The best work-around for that is two things:
- Ajax. The web server can quickly serve a simple HTML web page to the client which'll get displayed for the user right away. Then the browser can make another request to the server for just the data that takes a long time to calculate and retrieve.
- Caching. Once I've retrieved raw datapoints and made the prediction calculations, then that prediction shouldn't change for a few minutes. I can save off my prediction and immediately hand it back the next time the webpage is requested, if it's requested relatively soon.
It's critical to me that the webpage be small and simple. It has to get to the point as quickly as possible. But it's also important to me that I give credit to the tools and services I used to make it possible. That called for some credits to be put in a footer.
I wanted the footer to be relative to the browser's window viewing the page. But if that window was too short, then the footer would end up overwriting or being overwritten by the map or the text above the map. The fix for that was some clever CSS that put the footer at the bottom of the window, but never let it cover up the important part of the page, the map.

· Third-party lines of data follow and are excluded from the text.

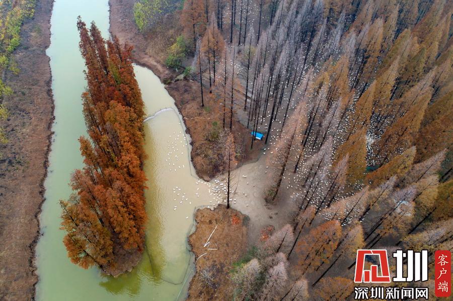 江蘇泗洪5000多只鵝林場吃食,場面壯觀。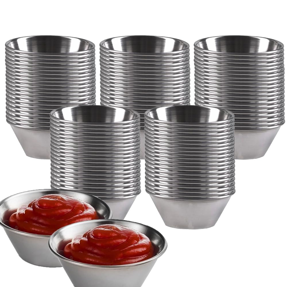 Kitchen Kemistry Small Sauce Cups- 1.5oz, Stainless Steel Ramekin Dipping Sauce Cup, Commercial Grade Individual Round Condiment cups, Pack of 100|Kitchen & Dining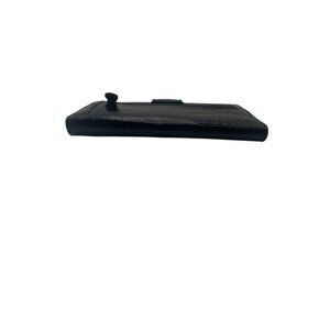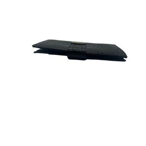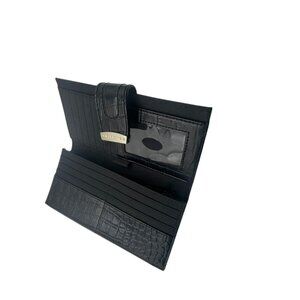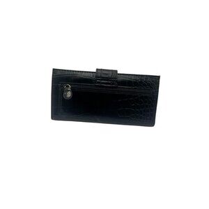 This Liz Claiborne wallet is a stylish addition to any woman's accessory collection. The black faux leather material is accented with a snap closure and alligator theme, making it a unique piece that is sure to turn heads. Measuring 8 inches in length and 4 inches in width, it is the perfect size to carry all of your credit cards and essentials. The wallet is designed with a snap closure and features various compartments to keep your belongings organized. Ideal for women who want a functional and fashionable accessory, this wallet is a must-have.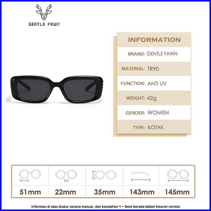 Gentle Fawn Kacamata Hitam Sunglasses Anti Uv 400 Fashion Wanita Korean Style Ringan Bentuk Kotak Tr 19308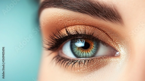 Detailed Makeup on Woman's Eye with Emphasis on Beauty and Color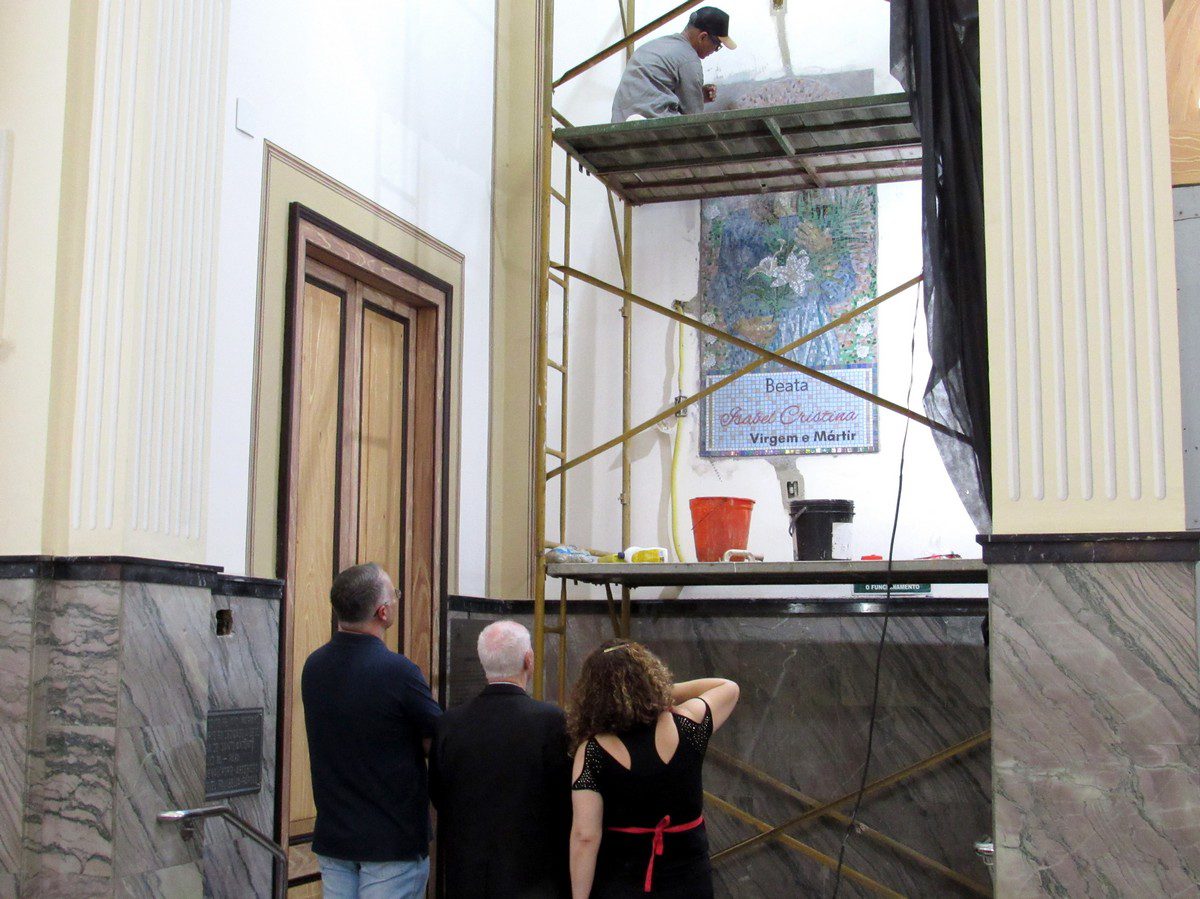 A responsável pelos mosaicos é a artista plástica e mosaicista mineira Denise Arantes. “Foi uma emoção maior que a outra. Depois de Maria Mãe da Igreja, trabalhar a Beata Isabel Cristina, que representa tanta pureza, uma mártir necessária para representar não só os jovens na Igreja, mas também os estudantes, as mulheres, vítimas de tanta violência, foi um presente, de verdade. O mundo precisa dessa santa. Em breve, se Deus quiser, teremos o prazer de estar aqui substituindo aquela palavrinha ‘beata’ por ‘santa’. Já está tudo até com a medida pronta, só aguardando o Papa Francisco anunciar mais uma santa brasileira e, dessa vez, uma jovem que nos ensina muito: apesar da pouca idade, uma entrega a Deus e a Maria que eu não conheço igual”, sublinhou Denise.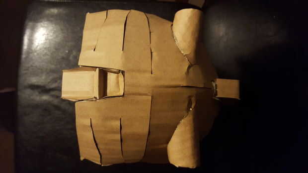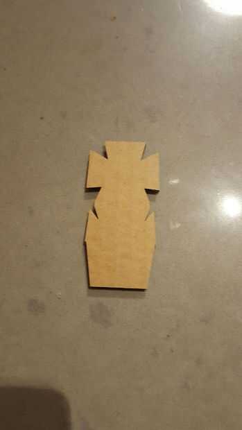 Por último tenemos otra pieza de inserción por el espacio que falta en la parte posterior del casco. (imagen 6) Piezas en forma de una cruz de hierro se dobla en un rectángulo de inserción. Para esta parte, se pretende ser dos plazas empotrada verticalmente apiladas. (imagen 7)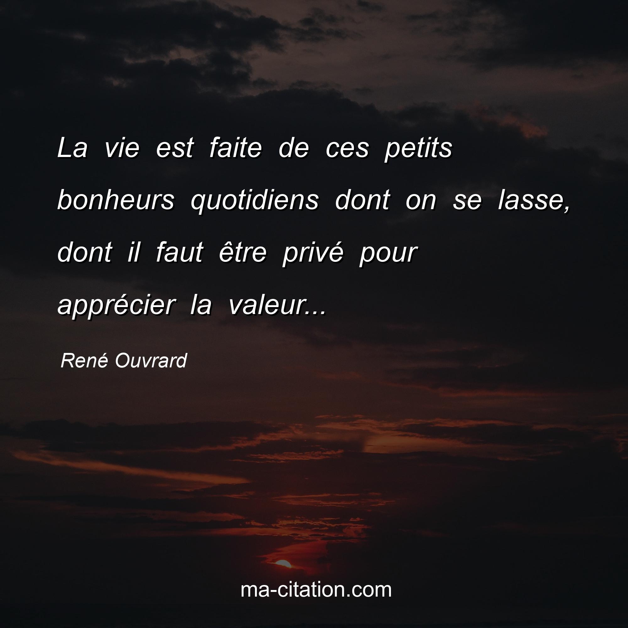René Ouvrard est l'auteur de la citation sur la vie "La vie est faite de ces petits bonheurs quotidiens dont on se lasse, dont il faut être privé pour apprécier la valeur...".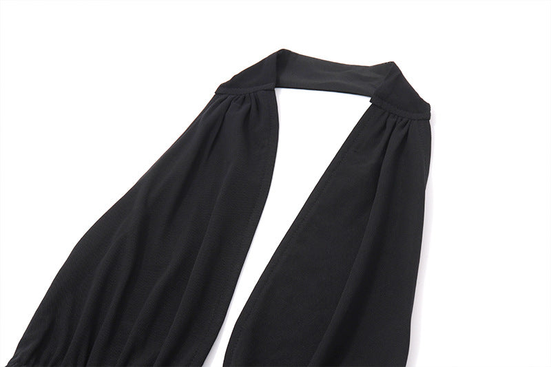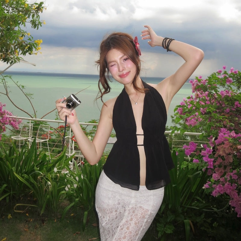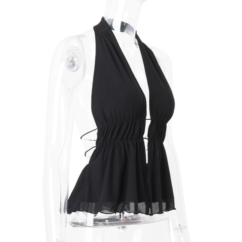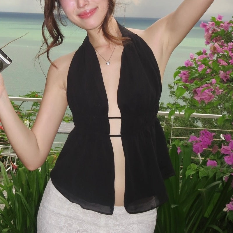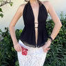 Whether you're dressing it up for a night out, pairing it with high-waisted jeans, or layering it with a chic jacket, the **Samantha Halter** effortlessly transitions from summer fun to year-round style. Available in classic black for a timeless, daring look.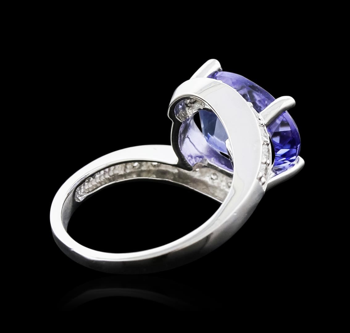 One electronically tested 14KT white gold ladies cast tanzanite and diamond ring with a bright polish finish. Condition is new. Containing: One prong set oval modified brilliant cut natural tanzanite, measuring 12.10 x 9.62 x 6.26mm, approximate weight of 5.13ct., clarity is eye clean, type I, medium light, very slightly grayish, violet color, (GIA V 4/3), cut is good. Sixteen prong set round brilliant cut diamonds, measuring 1.50 - 1.50 x 0.90mm (depth est.) approximate total weight of 16 Stones = 0.20ct. Clarity: SI-1 to SI-2. Color: I - J, Cut is Good. Colored gemstones are presumed to have been subjected to commonly used enhancement processes. All diamonds and colored gemstones are graded in the mounting, unless otherwise stated. Total Weight of Colored Stones 5.13ct. Total Weight of Diamonds 0.20ct. Total Weight of Ring 6.00 grams. GGL Appraised at $5,265.00.

So far so good. But then I discovered something unexpected...
Sadly OpenPaths seems to collect bad data from my phone occasionally while it's at rest. All of the recorded and predicted movement in the map below is due to bogus data from OpenPaths.
All of the points along the same angle that extends to the south east are bad data. The phone didn't go anywhere all that time. I have no idea why it sometimes pretends to travel to that part of town, but I don't like it. This called for another interesting algorithm that's better suited for a human brain:
If the datapoints smell fishy, don't use them.
It's really easy for me to detect which datapoints are bad, and not only just because I know where my phone's been. It's because there's a certain pattern, the angle and distance traveled by the bogus points. So I've got a work-in-progress algorithm the elides points that smell fishy.
A Secret Mode
The main point to the site was the prediction. But as long as I had all this historical data, it seemed like a shame if I couldn't easily look it up, too. So there's a secret mode, impossible to find and discover. (Since nowadays people don't read long blogs or actually type in the URL bar of their browsers.)
If you add an HTTP "GET" parameter, t, to the URL, the website will return a corresponding location history instead of a prediction of where it thinks I'm going to be. t can take one of three different forms, a UNIX timestamp, an RFC 2822 date and time, or a negative number of days to look back. Here are some examples:
I flew in to Los Angeles on that day. Timestamps are good if you're already dealing with them or want a relatively short token to represent an absolute time. Otherwise, they're an epoch fail waiting to happen.
Took the kids to Disneyland that day. Fun! That date format is handy if you want to browse my location history and are thinking in terms of calendar dates.
What'd I do last week? This is handy if I don't need an absolute time and date, but just want an offset from the current time and date.
Finally, I've got a micro site that was really fun to build and with which I'm quite pleased.